Indian authorities have ordered all troops deployed on Sino-Indian borders to avoid using Chinese apps on their smartphones, marking the country’s latest attempt to ban Chinese products due to so-called security concerns.
According to a report released by The Pioneer, an Indian news portal, on Nov. 29, India’s Defense Ministry has directed all troops deployed on the Actual Line of Control facing China to delete over 40 Chinese apps from their handsets, including BeautyPlus, a popular image-enhancing app that is used by over 500 million users outside China. The Indian authorities noted that the move aims to prevent China from tracking and monitoring the location of troops using these apps via smartphones.
It follows an earlier directive through which the Ministry had asked the troops of all the three services to avoid using social network sites, as it can give away their place of deployment.

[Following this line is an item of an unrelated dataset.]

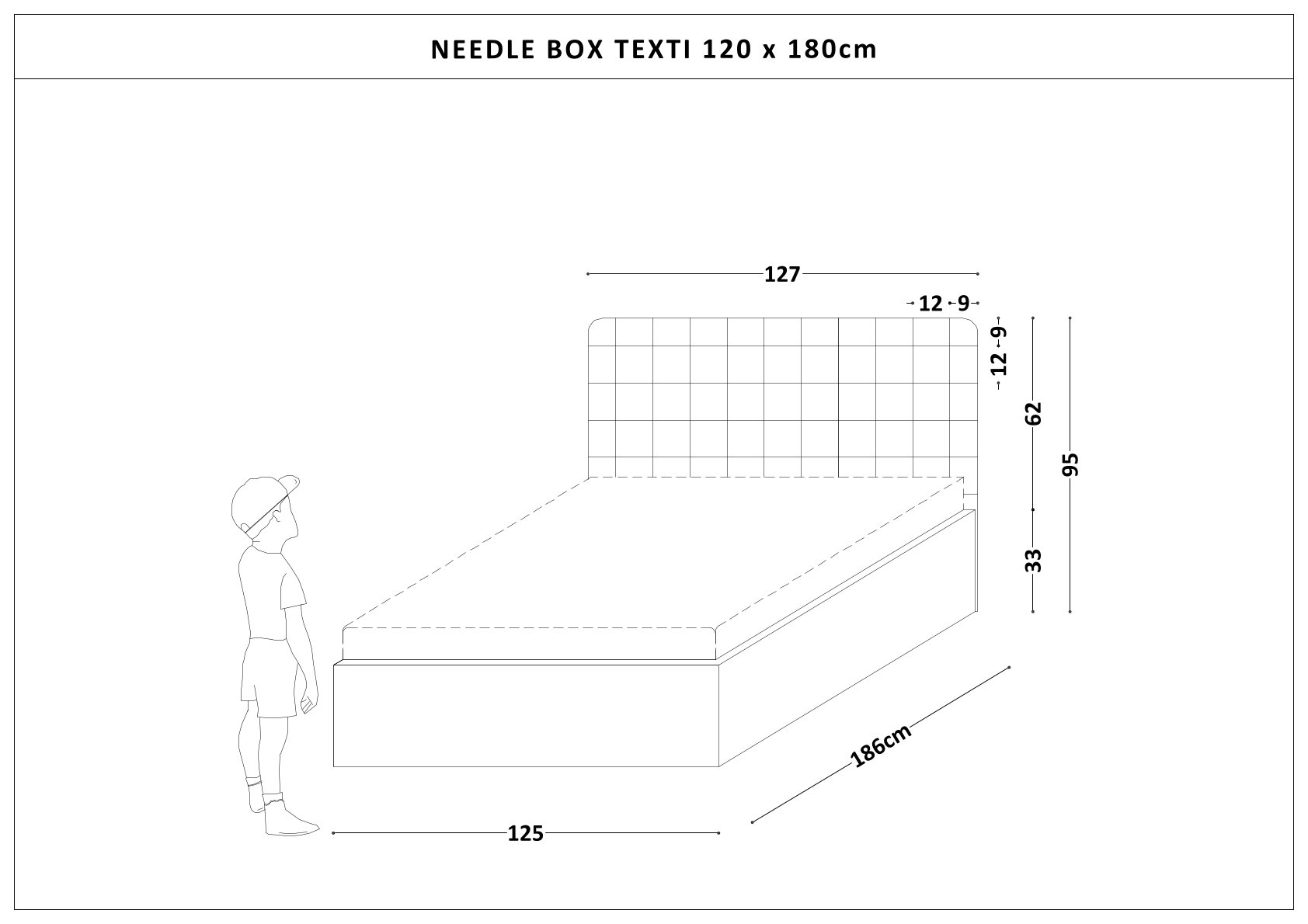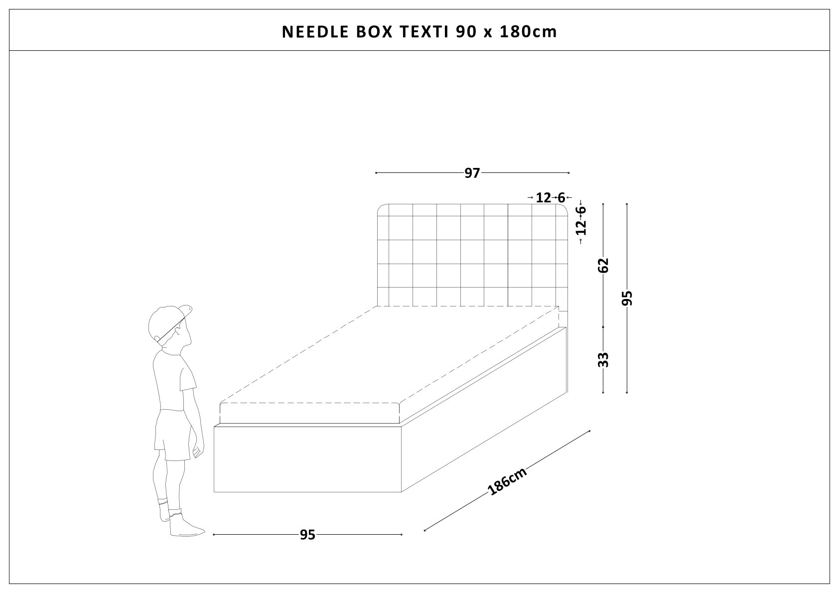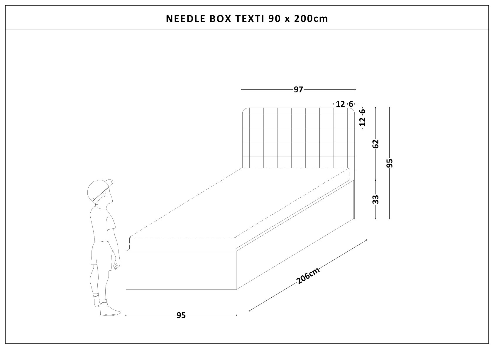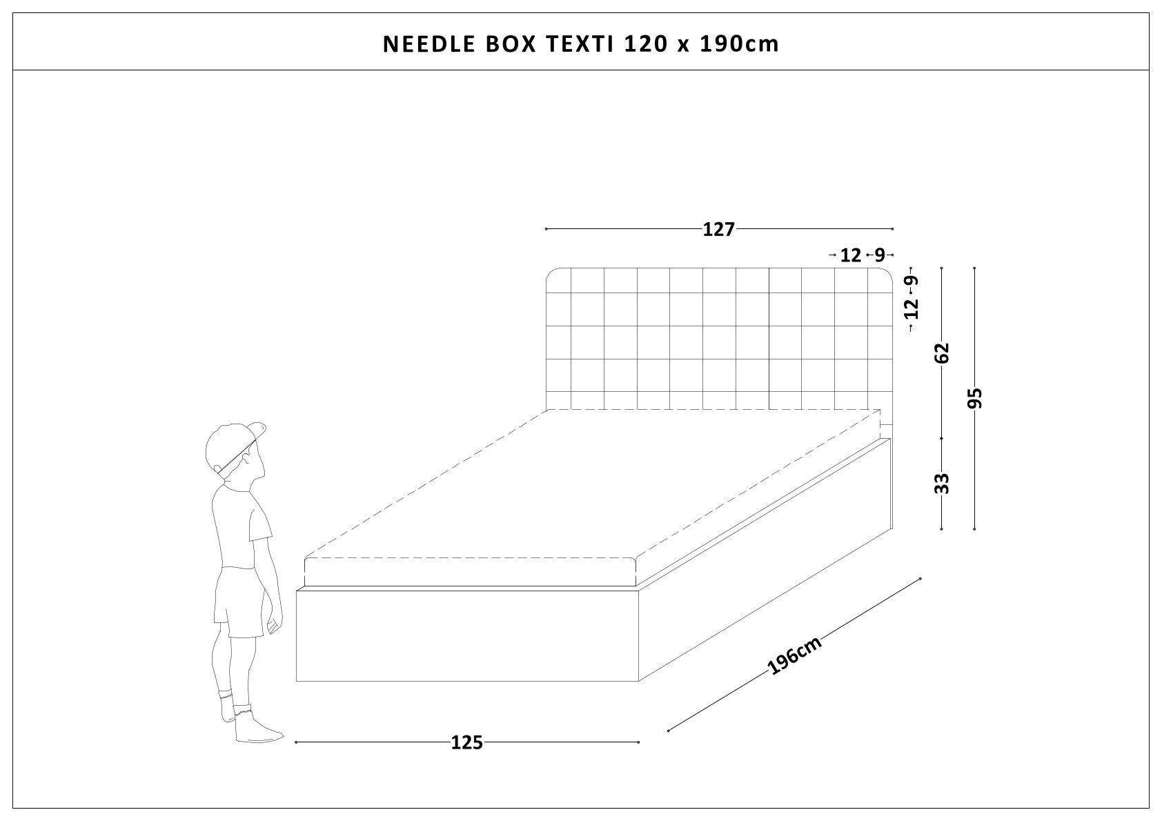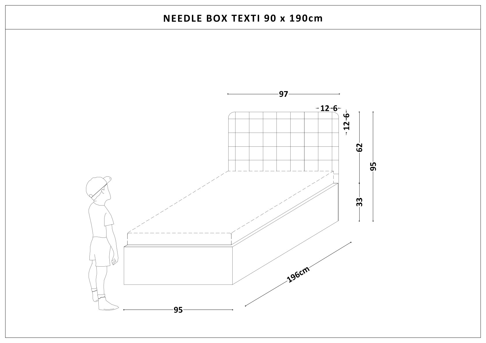 W tej ofercie możesz zakupić łóżko dziecięce Box Texti w wersji z tapicerowanym zagłówkiem oraz tapicerowaną skrzynią na pościel, na małych drewnianych nóżkach.

This is not the first time that Indian military forces have panicked over alleged “Chinese espionage.” Earlier in August, the Indian government asked several Chinese phone makers to furnish compliance reports out of fear that Chinese companies might be stealing users’ personal information, despite the fact that Chinese mobile phone manufacturers’ market share in India was over 50 percent in the first quarter of 2017.
In addition to high-tech equipment made in China, even animals from China can get on Indian authorities’ nerves. In May, a pigeon with a tag bearing numbers written in Chinese threw Indian authorities into a flutter, as fears spread that the feathered prisoner could be a Chinese spy.
Such seizures have been ridiculed across Chinese social and traditional media. Many have suggested that, instead of harming the interests of the Indian public, Indian authorities should first deal with their groundless suspicion and hostility towards China.
“Despite its large population and territory, India remains a country without a shred of security. Maybe it should start to trust its neighbors, rather than making groundless accusations,” wrote an internet user on Sina Weibo.